◆ PROMPT
Please retype the entries that follow exactly as they are, leaving the images behind.
(SOURCE DATA Opens)
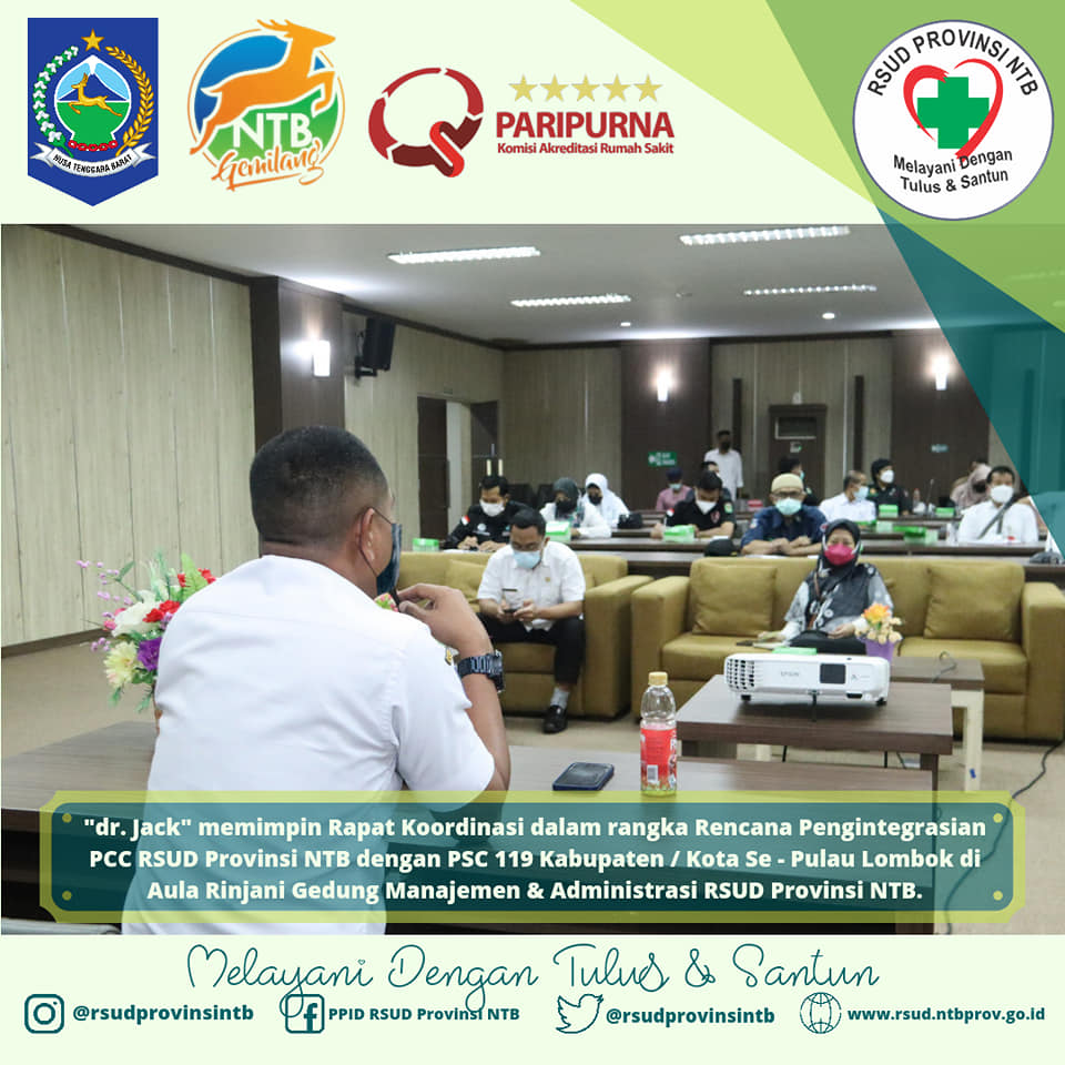 Bertempat di Aula Rinjani Gedung Manajemen dan Administrasi RSUD Provinsi NTB pagi ini dr. Jack memimpin Rapat Koordinasi terkait rencana Integrasi Province Comand Center RSUD Provinsi NTB dengan Public Safety Center 119 milik seluruh Kabupaten/Kota se-Pulau Lombok dan kedepannya akan dijalin kerjasama dengan PSC 119 Se-NTB, kerja bersama ini sangat dibutuhkan agar kita bisa memberikan Pelayanan Kesehatan kepada Seluruh Masyarakat Nusa Tenggara Barat dengan lebih baik lagi.
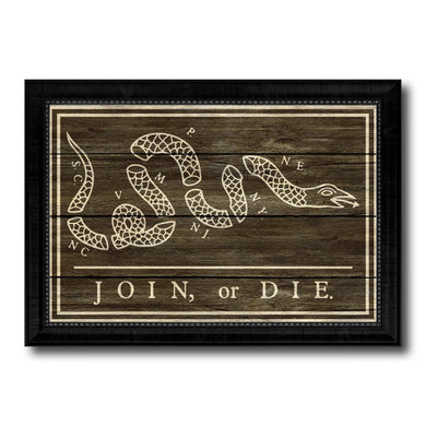 US Join or Die Snake Colonial Revolutionary War Military Flag Texture Canvas Print with Black Picture Frame Gift Ideas Home Decor Wall Art
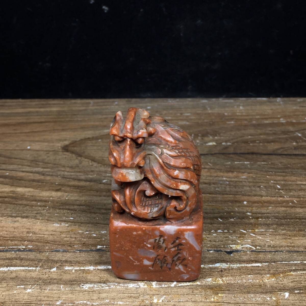 - 『館蔵珍品 寿山石 細密彫 神獣紋 印章 印鑒』文房具 書道品 貴重物品 収蔵品 中国古美術 時代物 古董品
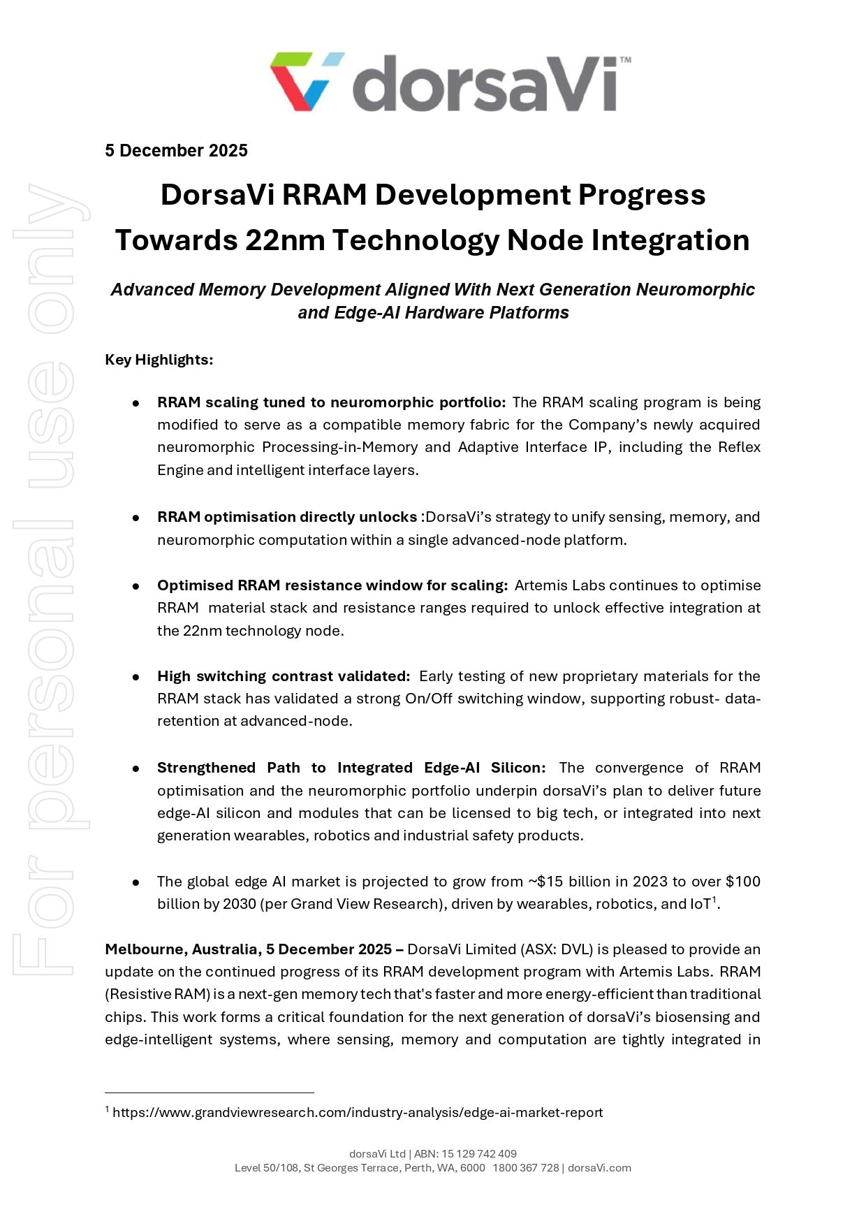 - RRAM scaling now tuned to align with DVL’s neuromorphic Processing-in-Memory & Adaptive Interface IP
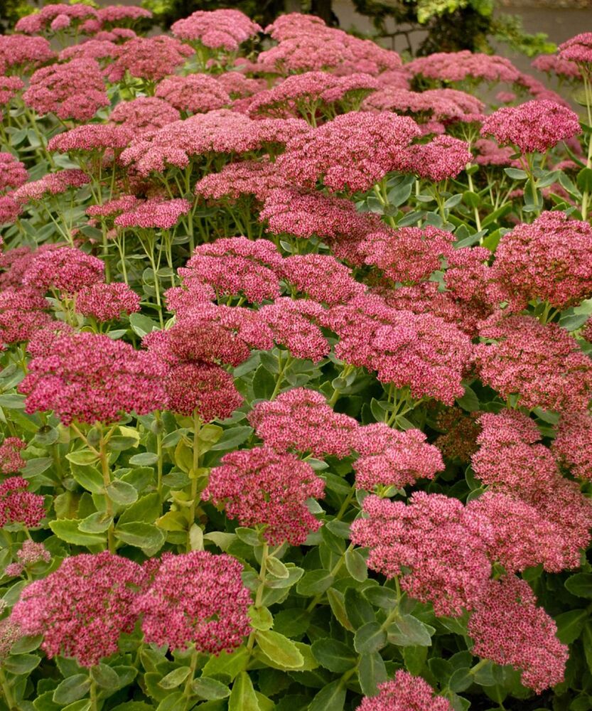 Очиток видный 'Herbstfreude' формирует плотный округлый куст с прочными прямыми побегами и сочной сизо-зелёной листвой. Цветки мелкие, звёздчатые, собраны в широкие соцветия диаметром до 20 см.
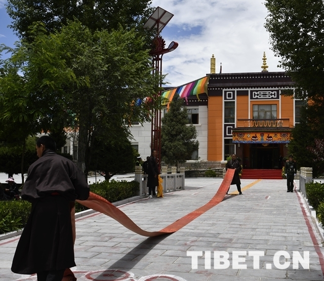 在位于拉薩市區(qū)的班禪行宮雪林多吉頗章大院內(nèi),一場更加熱烈的儀式也即將進(jìn)行。在雪林多吉頗章主殿前,僧人們提前繪制了金剛結(jié)等吉祥圖案,一條尺許寬的地毯從歡迎隊(duì)伍處一直延伸到主殿門前。來自拉薩各大寺廟的僧眾代表和拉薩信教群眾代表,帶著虔誠和喜悅的心情,翹首以盼十一世班禪的到來。
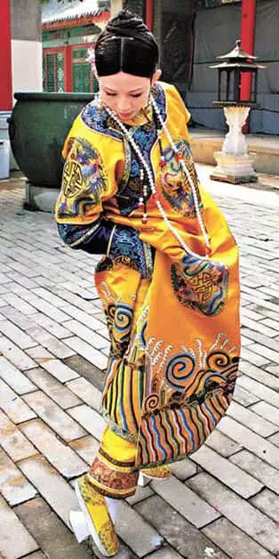 因为是清朝古装大戏,又是皇后,更要踩着七分公的满族花盆鞋拍摄,可谓是步步惊心啊!
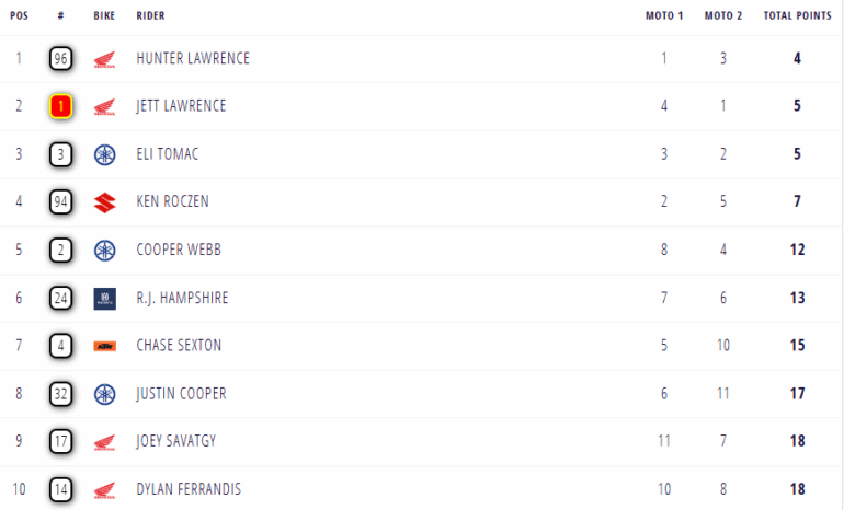 La primera manga de la Clase 450 tuvo a Hunter dominando con buen ritmo, mientras que Jett se vino desde el puesto 21 hasta terminar luchando por ser segundo en los últimos metros, aunque se debió conformar con ser cuarto, detrás de Ken Roczen (Suzuki) y Eli Tomac (Yamaha). Con Tomac también hubo una gran batalla hasta el final, pero por la victoria, donde la Honda #18 del australiano se impuso. No obstante, Hunter con la #96 resultó ganador de la general, y fue 1-2 para los hermanos oceánicos. Tomac completó el podio, y es el tercero en discordia por el cetro.
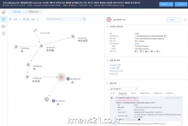 또한 안랩 EDR 2.0은 자체 행위 기반 엔진을 고도화한 EDR 전용 엔진을 도입해 엔드포인트에서 발생하는 다양한 정보에 대해 의심 행동을 중심으로 다각적인 분석 결과를 제공한다. 보안 관리자는 안랩 EDR 2.0이 제공하는 시스템, 파일, 프로세스별 상세 정보를 바탕으로 체계적인 탐지 및 분석을 할 수 있다. 안랩 EDR 2.0의 정교한 탐지룰과 수집 로그의 범위 설정 기능으로, 과도하게 뜨는 얼럿(알림)도 줄였다.
(SOURCE DATA Closes)
◆ EXERCISE OUTPUT
 Bertempat di Aula Rinjani Gedung Manajemen dan Administrasi RSUD Provinsi NTB pagi ini dr. Jack memimpin Rapat Koordinasi terkait rencana Integrasi Province Comand Center RSUD Provinsi NTB dengan Public Safety Center 119 milik seluruh Kabupaten/Kota se-Pulau Lombok dan kedepannya akan dijalin kerjasama dengan PSC 119 Se-NTB, kerja bersama ini sangat dibutuhkan agar kita bisa memberikan Pelayanan Kesehatan kepada Seluruh Masyarakat Nusa Tenggara Barat dengan lebih baik lagi.
 US Join or Die Snake Colonial Revolutionary War Military Flag Texture Canvas Print with Black Picture Frame Gift Ideas Home Decor Wall Art
 - 『館蔵珍品 寿山石 細密彫 神獣紋 印章 印鑒』文房具 書道品 貴重物品 収蔵品 中国古美術 時代物 古董品
 - RRAM scaling now tuned to align with DVL’s neuromorphic Processing-in-Memory & Adaptive Interface IP
 Очиток видный 'Herbstfreude' формирует плотный округлый куст с прочными прямыми побегами и сочной сизо-зелёной листвой. Цветки мелкие, звёздчатые, собраны в широкие соцветия диаметром до 20 см.
 在位于拉薩市區(qū)的班禪行宮雪林多吉頗章大院內(nèi),一場更加熱烈的儀式也即將進(jìn)行。在雪林多吉頗章主殿前,僧人們提前繪制了金剛結(jié)等吉祥圖案,一條尺許寬的地毯從歡迎隊(duì)伍處一直延伸到主殿門前。來自拉薩各大寺廟的僧眾代表和拉薩信教群眾代表,帶著虔誠和喜悅的心情,翹首以盼十一世班禪的到來。
 因为是清朝古装大戏,又是皇后,更要踩着七分公的满族花盆鞋拍摄,可谓是步步惊心啊!
 La primera manga de la Clase 450 tuvo a Hunter dominando con buen ritmo, mientras que Jett se vino desde el puesto 21 hasta terminar luchando por ser segundo en los últimos metros, aunque se debió conformar con ser cuarto, detrás de Ken Roczen (Suzuki) y Eli Tomac (Yamaha). Con Tomac también hubo una gran batalla hasta el final, pero por la victoria, donde la Honda #18 del australiano se impuso. No obstante, Hunter con la #96 resultó ganador de la general, y fue 1-2 para los hermanos oceánicos. Tomac completó el podio, y es el tercero en discordia por el cetro.
 또한 안랩 EDR 2.0은 자체 행위 기반 엔진을 고도화한 EDR 전용 엔진을 도입해 엔드포인트에서 발생하는 다양한 정보에 대해 의심 행동을 중심으로 다각적인 분석 결과를 제공한다. 보안 관리자는 안랩 EDR 2.0이 제공하는 시스템, 파일, 프로세스별 상세 정보를 바탕으로 체계적인 탐지 및 분석을 할 수 있다. 안랩 EDR 2.0의 정교한 탐지룰과 수집 로그의 범위 설정 기능으로, 과도하게 뜨는 얼럿(알림)도 줄였다.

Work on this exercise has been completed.